Write the following entries out again exactly, skipping each image.

Material provided:

>>>>

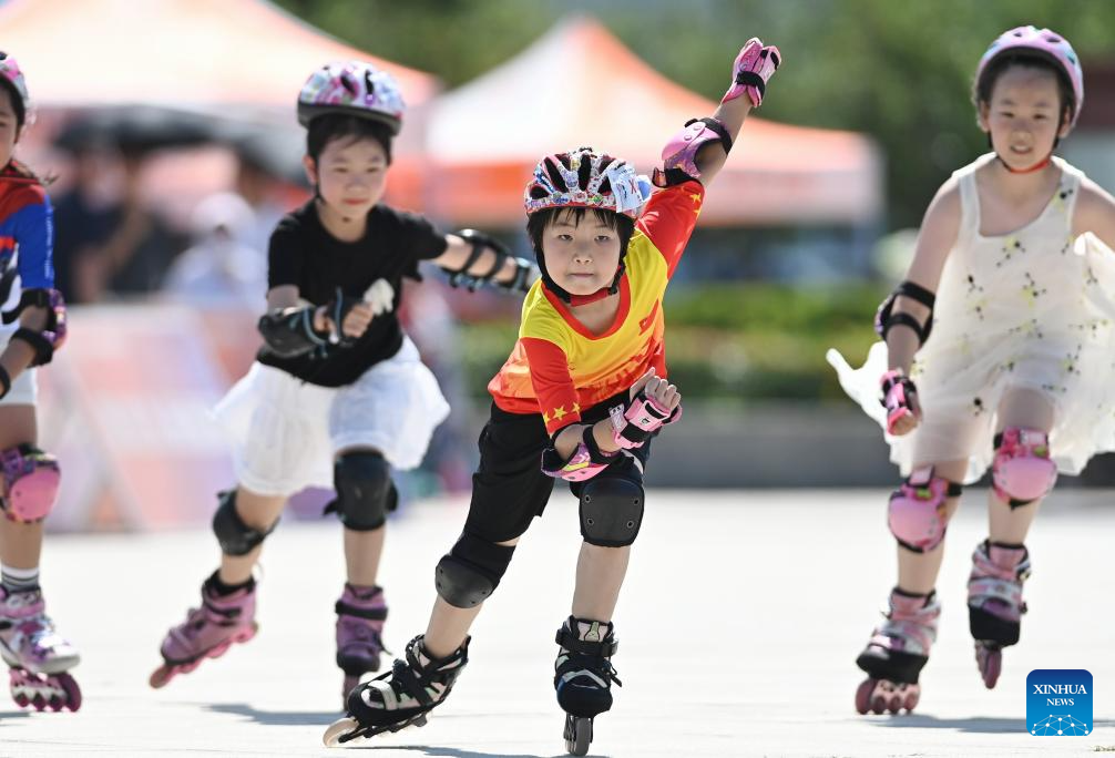 Children have a roller skating competition in Zaozhuang City, east China's Shandong Province, July 5, 2025. (Photo by Li Zhijun/Xinhua)
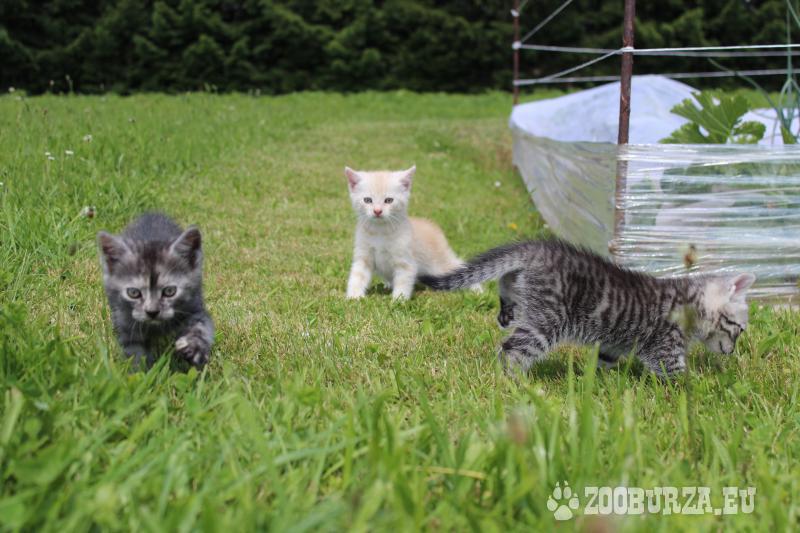 Popis: Darujem do dobrých rúk mačiatka, šedé sú mačky, ryšavý je kocúr. Sú smelé, hravé, od narodenia v kontakte s ľuďmi. Už v podstate samostatné, prikrmované. Narodili sa 7.5.2025, odber možný od 25.5.2025, najlepšie v podvečernom čase. Bývam v obci Smilno, okres Bardejov. Kontakt: 0901757373
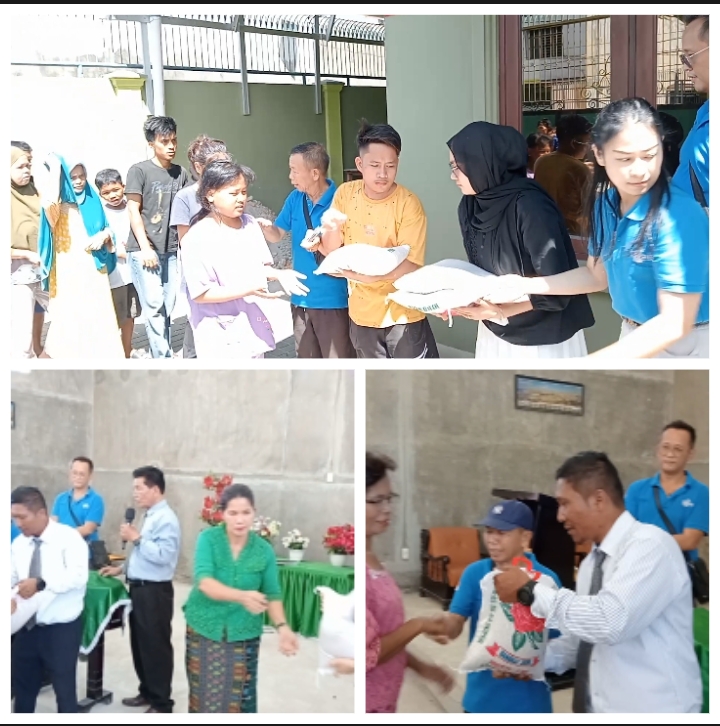 Ketua Umum YAKIN Hermanto ST, bersama isteri Leni, didampingi Sekretaris Ariyanti serta pengurus lainnya, yakni Wakil Bendahara Hock Siang dan Admin Adilla Saragih, tampak turun ke GKPI Imanuel Sidomulyo membagikan sembako kepada ratusan jemaat di gereja tersebut.
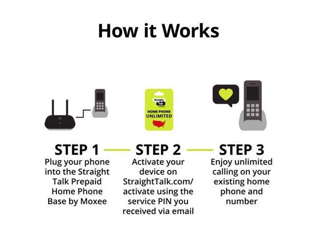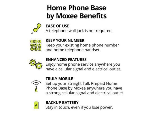 Keep your home phone number and telephone without the contract with Straight Talk Prepaid Home Phone Base by Moxee. Enjoy unlimited local, long-distance and 411 calls on one of Americas most reliable networks with no activation, cancellation reactivation, overage fees or daily access fees. Whether you want to have long conversations with family without worrying about charging or the convenience of hands-free conference calls for your small business, the Straight Talk Prepaid Home Phone Base by Moxee is the solution for you Requires activation with a Straight Talk 30-Day Home Phone Plan. (NOT INCLUDED) Explore both of our
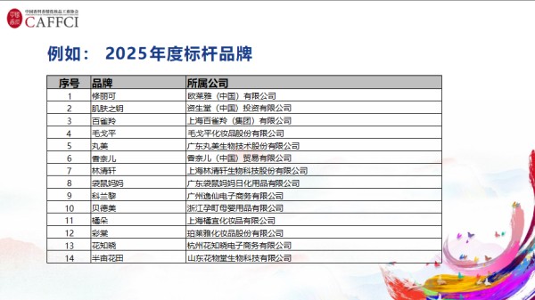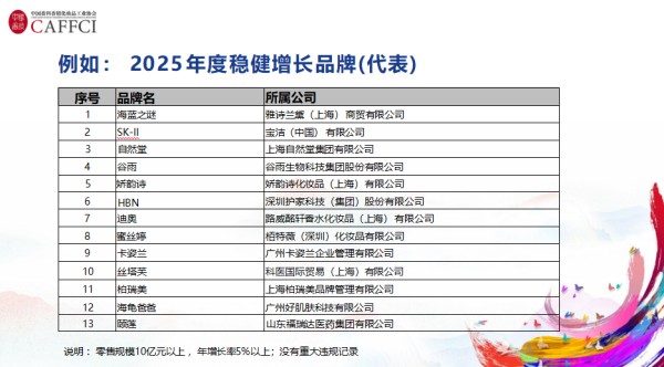 发布会同时公布了2025年度标杆品牌与稳健增长品牌代表,其中标杆品牌需满足2025年度国内零售额位列全行业前50名、年零售规模不低于15亿元、增长率30%以上、无重大违法违规记录等要求,包括百雀羚、毛戈平、丸美等国货品牌及修丽可、肌肤之钥等国际品牌入选;稳健增长品牌代表需满足零售规模10亿元以上、年增长率5%以上、无重大违规记录等要求,包括自然堂、谷雨、HBN等国货品牌及海蓝之谜、SK-II等国际品牌入选,再次呈现理性消费的发展趋势。
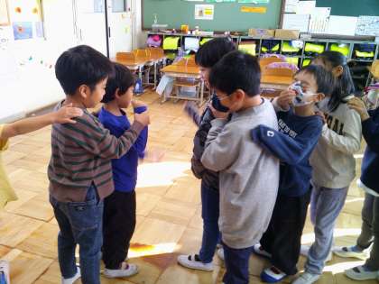 今まで学習したあいさつ、色や数、体の部分のほかにじゃんけんの仕方を学習しました。先生と勝ち抜きのじゃんけんをしたり、ともだちとじゃんけん列車をしたりする中で、だんだんと言い方を覚えていっていました。

<<<<

Exercise result:
 Children have a roller skating competition in Zaozhuang City, east China's Shandong Province, July 5, 2025. (Photo by Li Zhijun/Xinhua)
 Popis: Darujem do dobrých rúk mačiatka, šedé sú mačky, ryšavý je kocúr. Sú smelé, hravé, od narodenia v kontakte s ľuďmi. Už v podstate samostatné, prikrmované. Narodili sa 7.5.2025, odber možný od 25.5.2025, najlepšie v podvečernom čase. Bývam v obci Smilno, okres Bardejov. Kontakt: 0901757373
 Ketua Umum YAKIN Hermanto ST, bersama isteri Leni, didampingi Sekretaris Ariyanti serta pengurus lainnya, yakni Wakil Bendahara Hock Siang dan Admin Adilla Saragih, tampak turun ke GKPI Imanuel Sidomulyo membagikan sembako kepada ratusan jemaat di gereja tersebut.
 Keep your home phone number and telephone without the contract with Straight Talk Prepaid Home Phone Base by Moxee. Enjoy unlimited local, long-distance and 411 calls on one of Americas most reliable networks with no activation, cancellation reactivation, overage fees or daily access fees. Whether you want to have long conversations with family without worrying about charging or the convenience of hands-free conference calls for your small business, the Straight Talk Prepaid Home Phone Base by Moxee is the solution for you Requires activation with a Straight Talk 30-Day Home Phone Plan. (NOT INCLUDED) Explore both of our
 发布会同时公布了2025年度标杆品牌与稳健增长品牌代表,其中标杆品牌需满足2025年度国内零售额位列全行业前50名、年零售规模不低于15亿元、增长率30%以上、无重大违法违规记录等要求,包括百雀羚、毛戈平、丸美等国货品牌及修丽可、肌肤之钥等国际品牌入选;稳健增长品牌代表需满足零售规模10亿元以上、年增长率5%以上、无重大违规记录等要求,包括自然堂、谷雨、HBN等国货品牌及海蓝之谜、SK-II等国际品牌入选,再次呈现理性消费的发展趋势。
 今まで学習したあいさつ、色や数、体の部分のほかにじゃんけんの仕方を学習しました。先生と勝ち抜きのじゃんけんをしたり、ともだちとじゃんけん列車をしたりする中で、だんだんと言い方を覚えていっていました。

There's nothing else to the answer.